● **What to produce**: With both ends included, repeat exactly the lines of the entries below from the one containing "Women’s A-line tops" down to the one containing "篦齿苏铁:树干圆柱形,高达3", and no others.

● **Supplied records**:
#####

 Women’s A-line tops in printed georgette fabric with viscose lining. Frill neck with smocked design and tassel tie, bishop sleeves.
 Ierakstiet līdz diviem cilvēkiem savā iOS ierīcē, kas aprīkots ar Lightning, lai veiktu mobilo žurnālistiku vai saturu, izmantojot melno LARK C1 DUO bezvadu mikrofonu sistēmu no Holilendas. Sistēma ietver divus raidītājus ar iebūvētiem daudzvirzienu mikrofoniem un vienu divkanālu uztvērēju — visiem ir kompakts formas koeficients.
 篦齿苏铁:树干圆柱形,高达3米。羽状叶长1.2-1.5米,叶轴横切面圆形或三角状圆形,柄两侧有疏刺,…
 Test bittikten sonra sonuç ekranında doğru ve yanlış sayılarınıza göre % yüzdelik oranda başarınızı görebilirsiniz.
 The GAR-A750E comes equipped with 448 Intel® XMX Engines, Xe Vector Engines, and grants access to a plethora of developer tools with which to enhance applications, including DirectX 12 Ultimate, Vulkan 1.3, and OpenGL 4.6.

#####

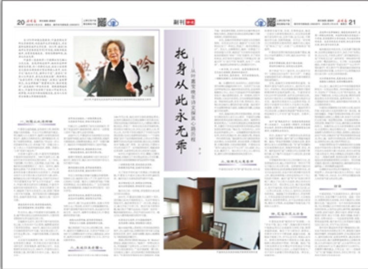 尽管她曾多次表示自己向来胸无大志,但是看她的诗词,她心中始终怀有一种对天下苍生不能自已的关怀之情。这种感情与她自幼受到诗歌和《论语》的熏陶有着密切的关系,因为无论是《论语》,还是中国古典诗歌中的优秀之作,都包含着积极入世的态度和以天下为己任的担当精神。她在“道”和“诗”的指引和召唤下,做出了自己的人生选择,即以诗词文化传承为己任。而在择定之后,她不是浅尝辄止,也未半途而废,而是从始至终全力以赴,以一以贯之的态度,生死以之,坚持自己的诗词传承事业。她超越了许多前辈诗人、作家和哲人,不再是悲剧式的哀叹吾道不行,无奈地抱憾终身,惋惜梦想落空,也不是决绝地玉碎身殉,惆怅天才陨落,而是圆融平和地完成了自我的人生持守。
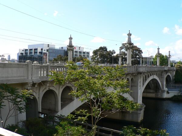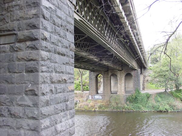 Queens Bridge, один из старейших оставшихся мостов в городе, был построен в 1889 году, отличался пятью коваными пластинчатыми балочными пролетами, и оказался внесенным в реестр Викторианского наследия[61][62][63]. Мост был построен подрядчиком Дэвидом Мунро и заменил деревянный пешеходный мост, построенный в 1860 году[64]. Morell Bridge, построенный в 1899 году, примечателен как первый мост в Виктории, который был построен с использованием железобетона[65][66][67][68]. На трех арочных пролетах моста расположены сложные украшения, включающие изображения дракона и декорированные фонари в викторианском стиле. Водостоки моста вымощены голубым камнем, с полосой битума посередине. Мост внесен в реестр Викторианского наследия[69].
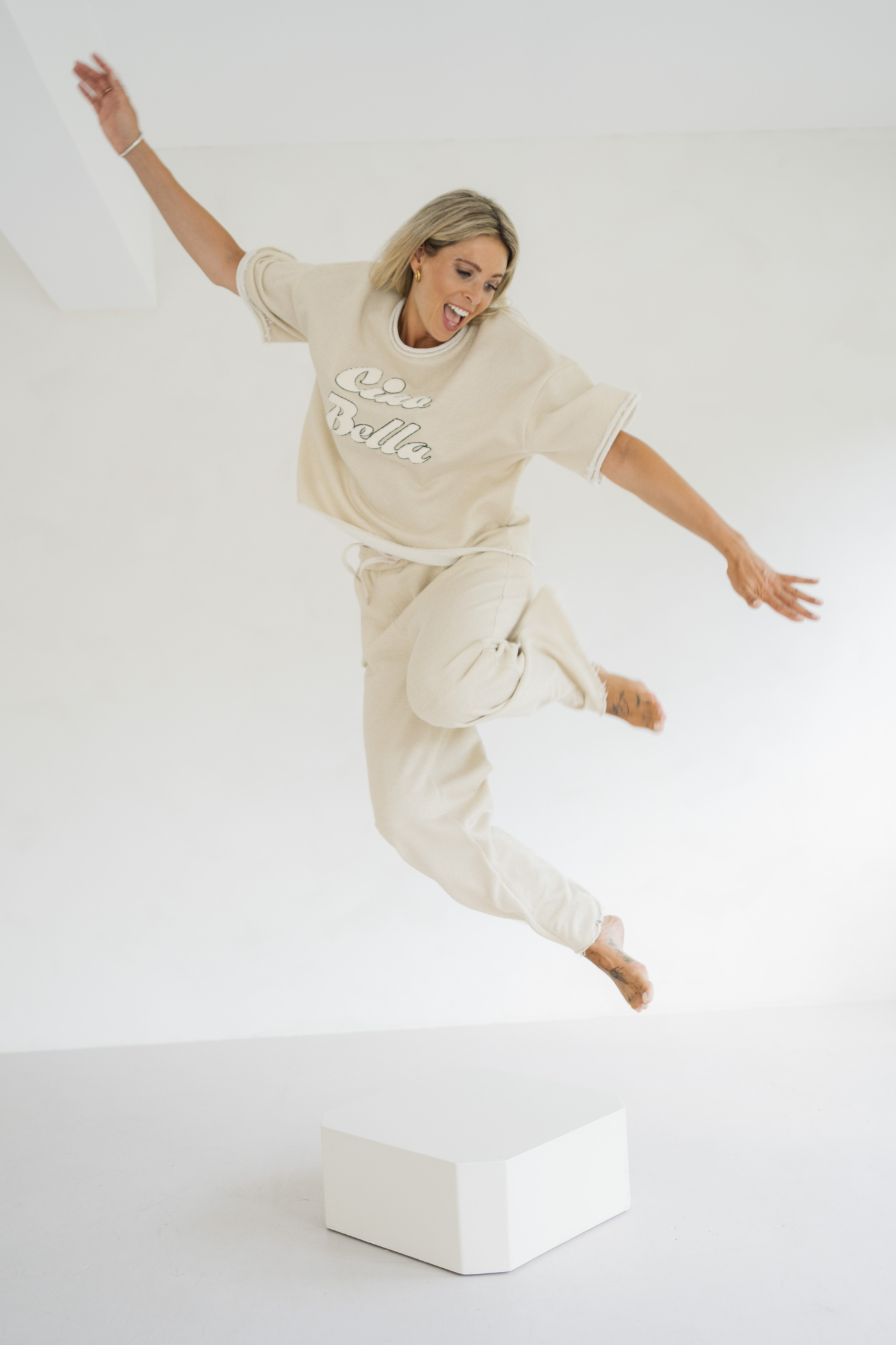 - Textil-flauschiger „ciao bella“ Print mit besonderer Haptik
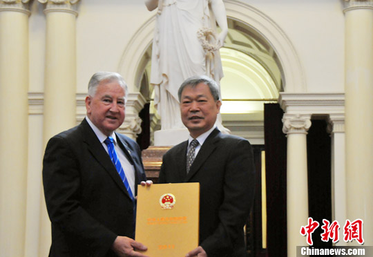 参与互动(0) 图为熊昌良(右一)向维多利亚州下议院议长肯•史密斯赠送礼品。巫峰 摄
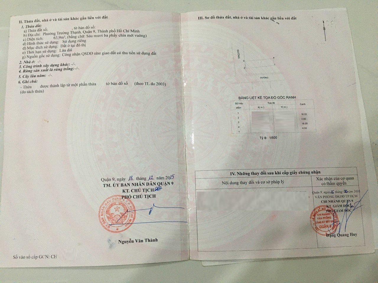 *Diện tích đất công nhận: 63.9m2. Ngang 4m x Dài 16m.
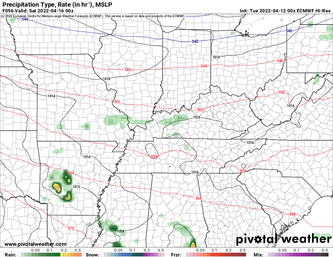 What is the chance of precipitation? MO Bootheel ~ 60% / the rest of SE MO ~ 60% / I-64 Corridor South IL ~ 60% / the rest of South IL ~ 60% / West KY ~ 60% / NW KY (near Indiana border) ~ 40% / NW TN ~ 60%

#####

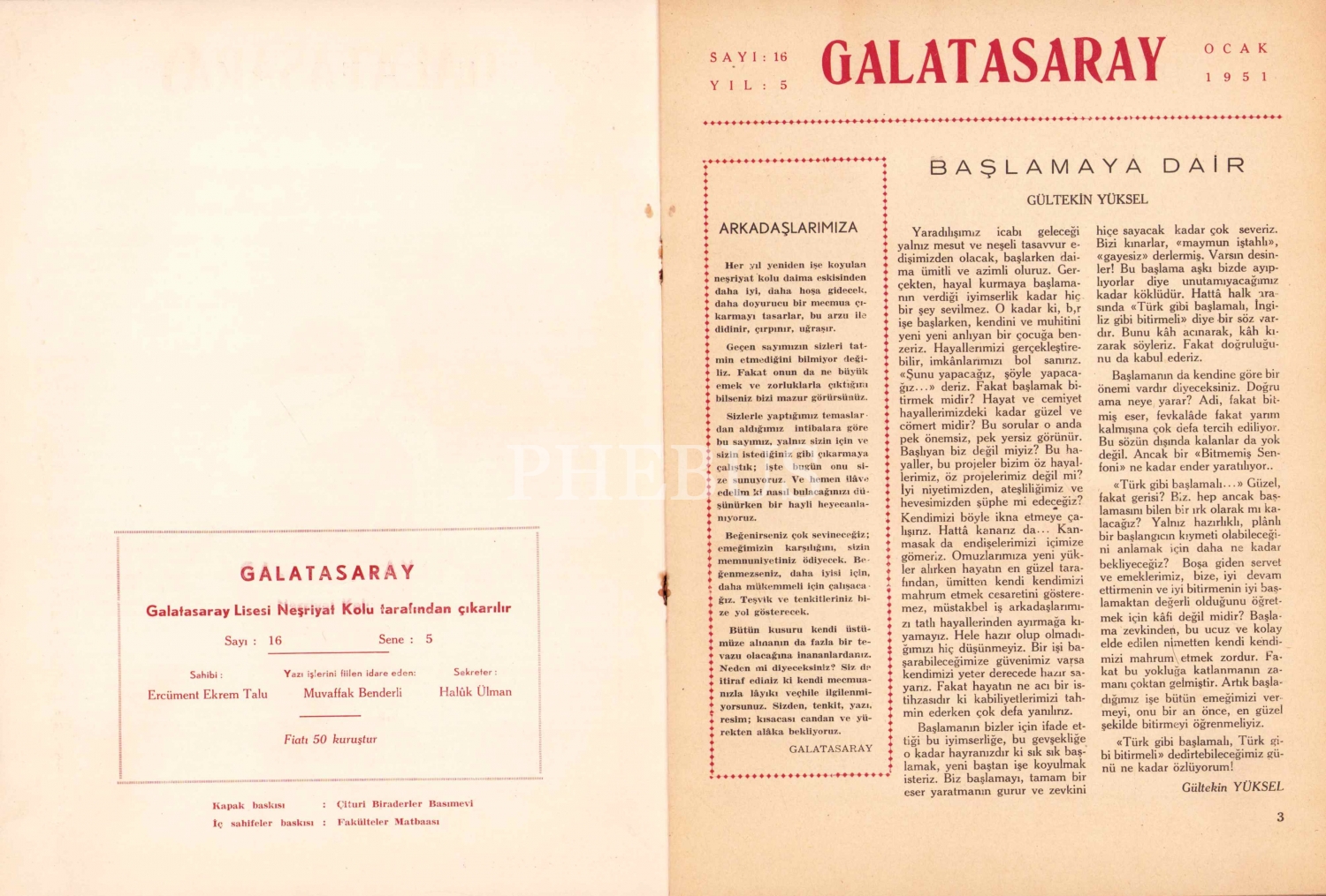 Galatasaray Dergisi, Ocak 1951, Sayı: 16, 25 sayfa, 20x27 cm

#####

● **Response**:
 Women’s A-line tops in printed georgette fabric with viscose lining. Frill neck with smocked design and tassel tie, bishop sleeves.
 Ierakstiet līdz diviem cilvēkiem savā iOS ierīcē, kas aprīkots ar Lightning, lai veiktu mobilo žurnālistiku vai saturu, izmantojot melno LARK C1 DUO bezvadu mikrofonu sistēmu no Holilendas. Sistēma ietver divus raidītājus ar iebūvētiem daudzvirzienu mikrofoniem un vienu divkanālu uztvērēju — visiem ir kompakts formas koeficients.
 篦齿苏铁:树干圆柱形,高达3米。羽状叶长1.2-1.5米,叶轴横切面圆形或三角状圆形,柄两侧有疏刺,…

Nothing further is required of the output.